Calculating pH from Concentration of Strong Acid/Base

Postby Michelle N - 2C » Tue Jan 21, 2020 12:03 am

On our lecture on January 13th, Lavelle stated on his notes that “If we know the concentration of the strong base/acid, we can calculate pH or pOH.” He then proceeded to the example that 0.0030 M of Ba(OH)2 gives 0.0060 M of OH-. How did that happen? Can someone explain to me this specific process? Thank you!

nicolely2F
Posts: 149
Joined: Sat Sep 14, 2019 12:17 am

Re: Calculating pH from Concentration of Strong Acid/Base

Postby nicolely2F » Tue Jan 21, 2020 12:08 am

Since Ba(OH)2 is a strong acid, it is fully dissociated in water.
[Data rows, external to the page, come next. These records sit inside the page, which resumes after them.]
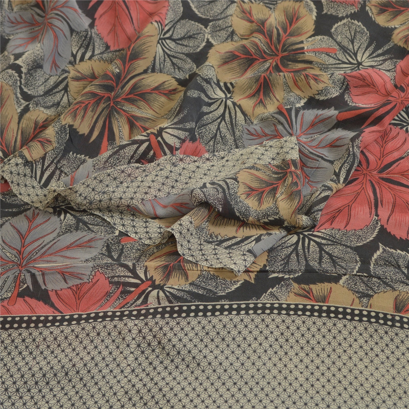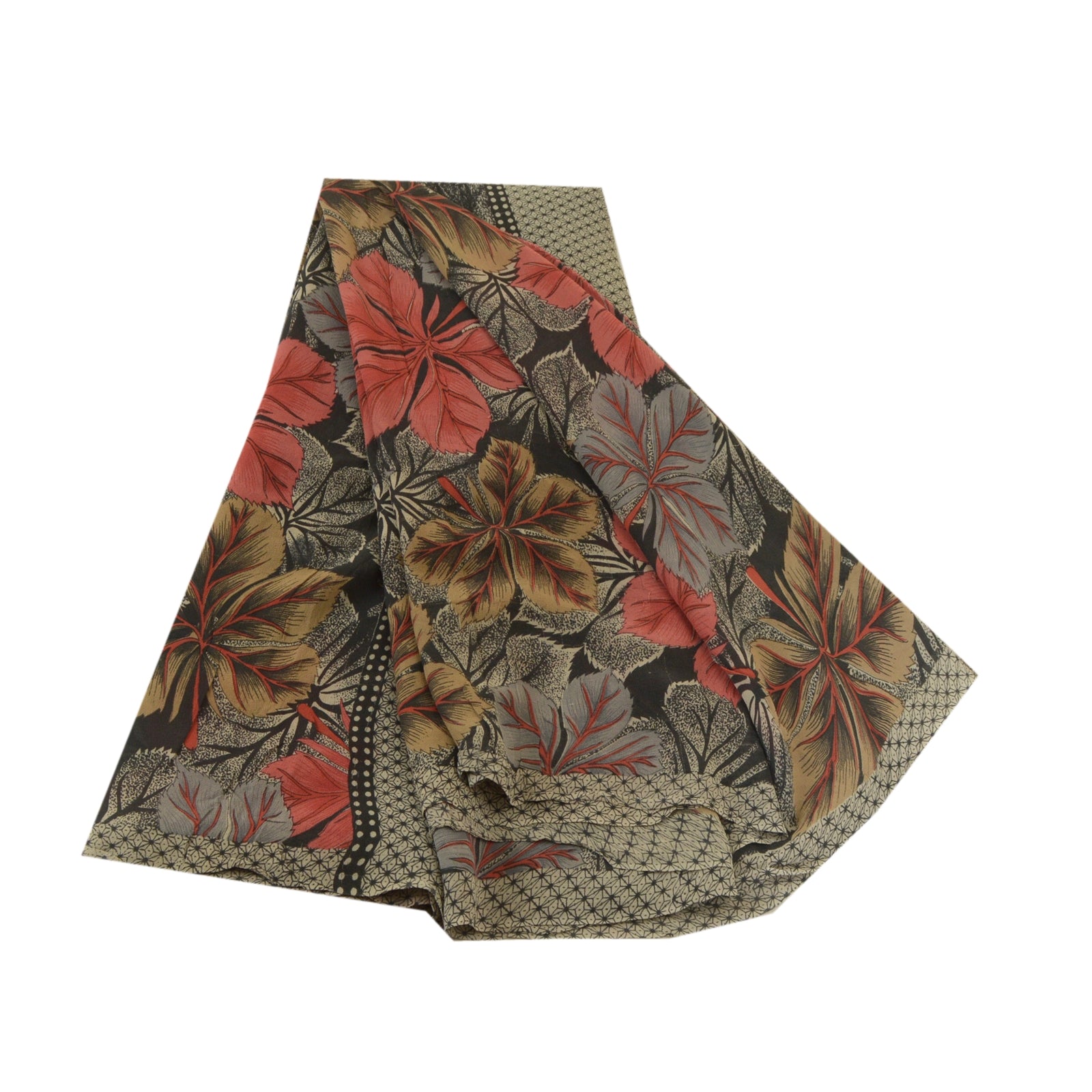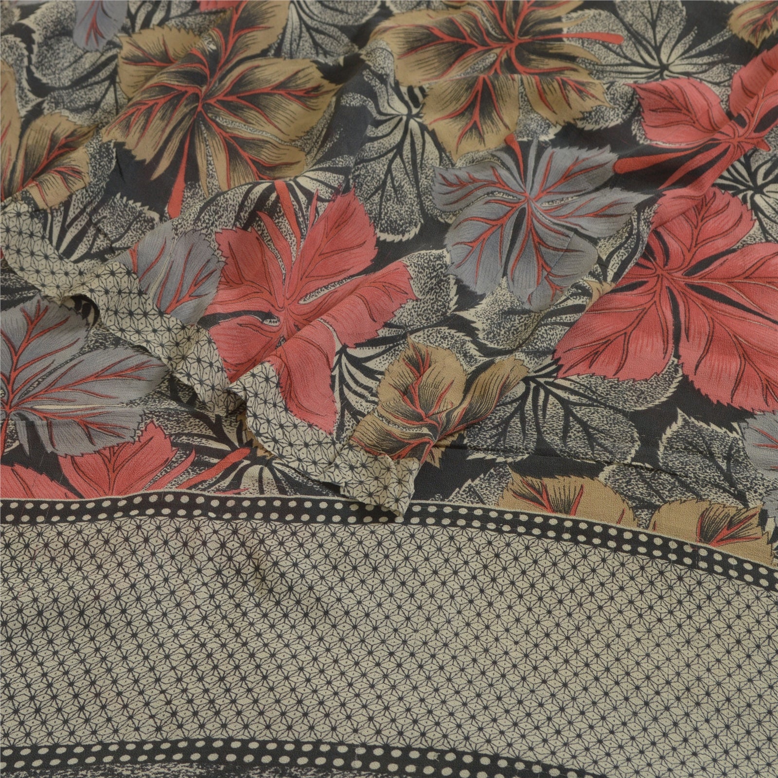 Sanskriti Vintage Sarees Black Pure Georgette Silk Printed Sari 5yd Craft Sustainable Fabric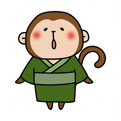 緑の浴衣を着て空を見上げる猿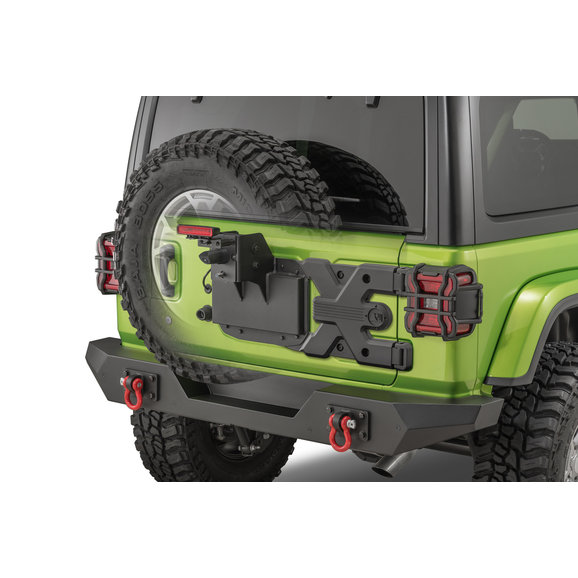 39" Spare Tire Capability: Making this system extremely versatile with strength for maximum load capacity. Engineered from a die-cast aluminum casting with forged steel hinge brackets and hardened steel pins. Handling the abuse of the trails with ease and confidence. Wheel on my friend.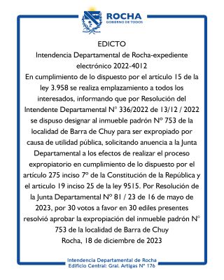 25-12-2023 EDICTO Intendencia Departamental de Rocha-expediente electrónico 2022-4012. 1) En cumplimiento de lo dispuesto por el artículo 15 de la ley 3.958 se realiza emplazamiento a todos los interesados, informando que por Resolución del Intendente Departamental N° 336/2022 de 13/12 / 2022 se dispuso designar al inmueble padrón Nº 753 de la localidad de Barra de Chuy para ser expropiado por causa de utilidad pública, solicitando anuencia a la Junta Departamental a los efectos de realizar el proceso expropiatorio en cumplimiento de lo dispuesto por el artículo 275 inciso 7º de la Constitución de la Rep&uacu (...)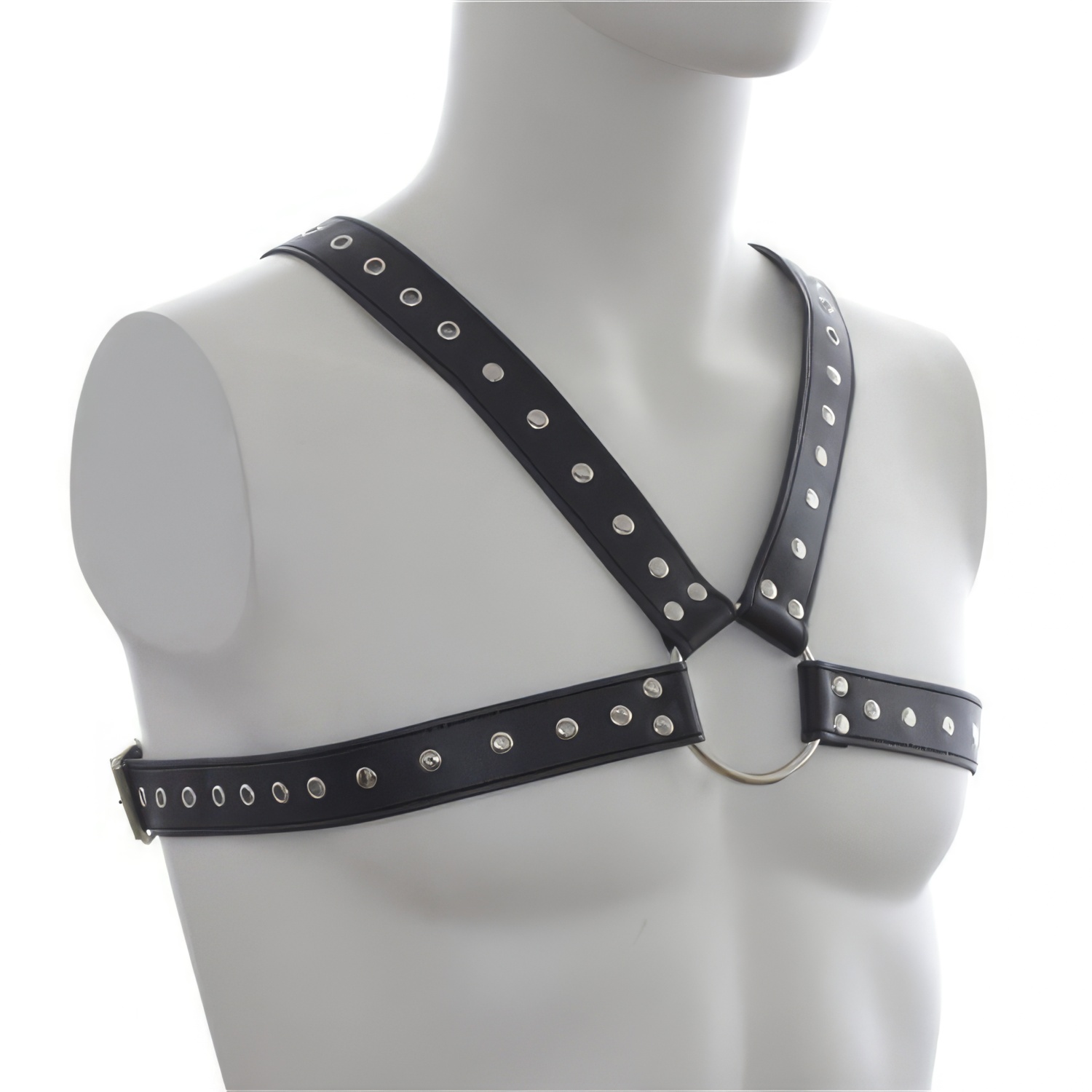 Черная мужская сбруя подчеркнет плечи и грудь мужчины!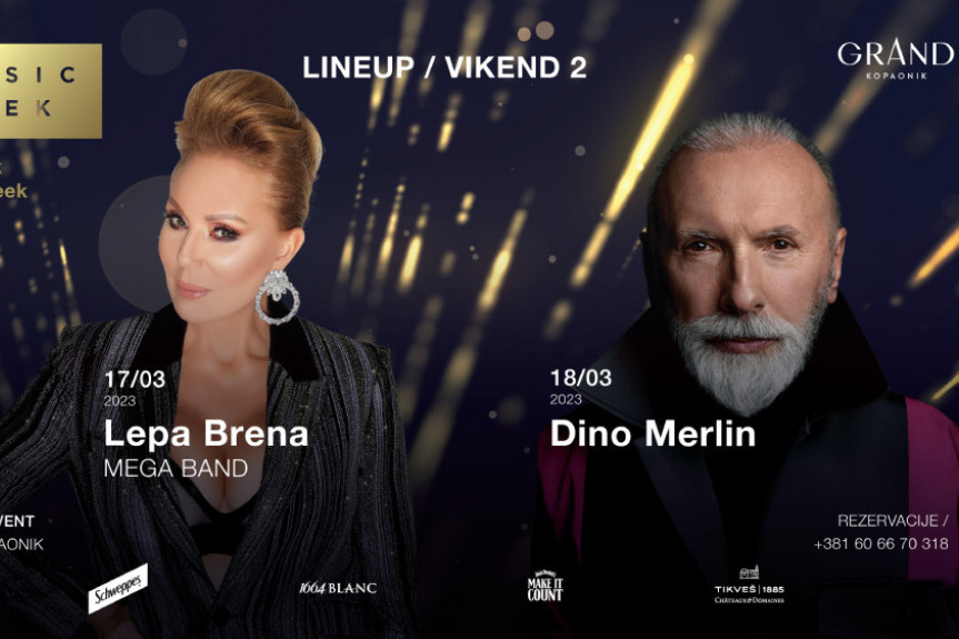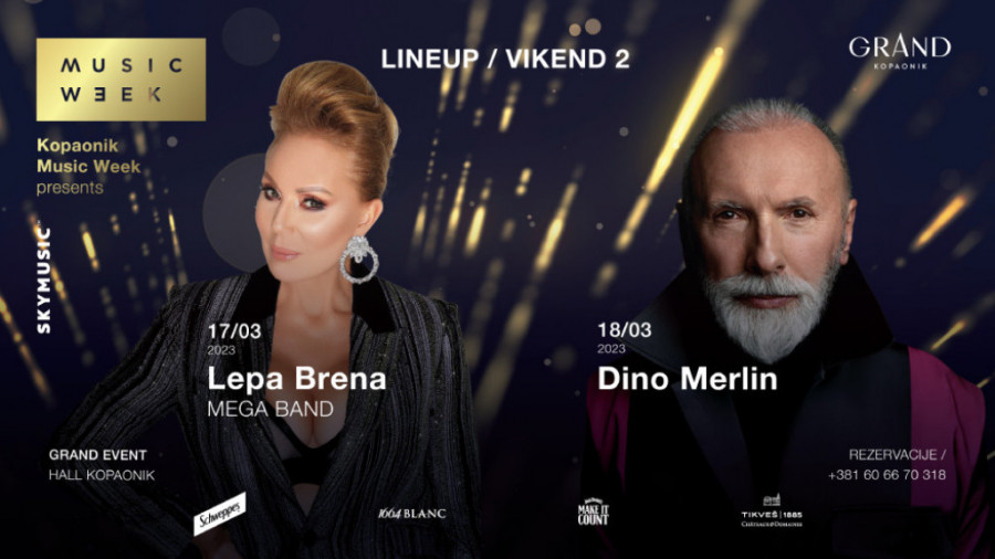 Kada je objavljeno da će sedmi po redu Kopaonik Music Week prvog vikenda otvoriti Saša Matić sa Milicom Pavlović kao specijalnim gostom 10. marta, i Željko Joksimović, koji će nastupiti odmah sutradan na istom mestu – u Event sali luksuznog Grand hotela Kopaonik stigla je najava novih senzacionalnih koncerata! Naime, narednog vikenda Festival će obeležiti nastupi nekih od najvećih regionalnih muzičkih imena ‒ Lepe Brene i Dina Merlina!

This means that, at equilibrium, zero Ba(OH)2 is left and there is only Ba2+ and OH- in solution, dissociated from the quantity of reactant added to the water.
If you write down the equation for this reaction, you will notice that the coefficients are 1, 1, 2 for Ba(OH)2, Ba2+, OH-. Coupling this with the fact that Ba(OH)2 dissociates 100%, we know that we will have twice as much of OH- as we did of Ba(OH)2. In other words, if we add X mol of Ba(OH)2 to water, the result will be of X mol of Ba2+ and 2X mol of OH-.

WesleyWu_1C
Posts: 117
Joined: Thu Jul 25, 2019 12:16 am

Re: Calculating pH from Concentration of Strong Acid/Base

Postby WesleyWu_1C » Tue Jan 21, 2020 12:09 am

When Ba(OH)2 is placed in water, it dissociates into Ba^2+ and 2OH-. So the reaction would be Ba(OH)2 + H2O -> H2O + Ba^2+ + 2OH- For every 1 mole of Ba(OH)2, there are 2 moles of OH-.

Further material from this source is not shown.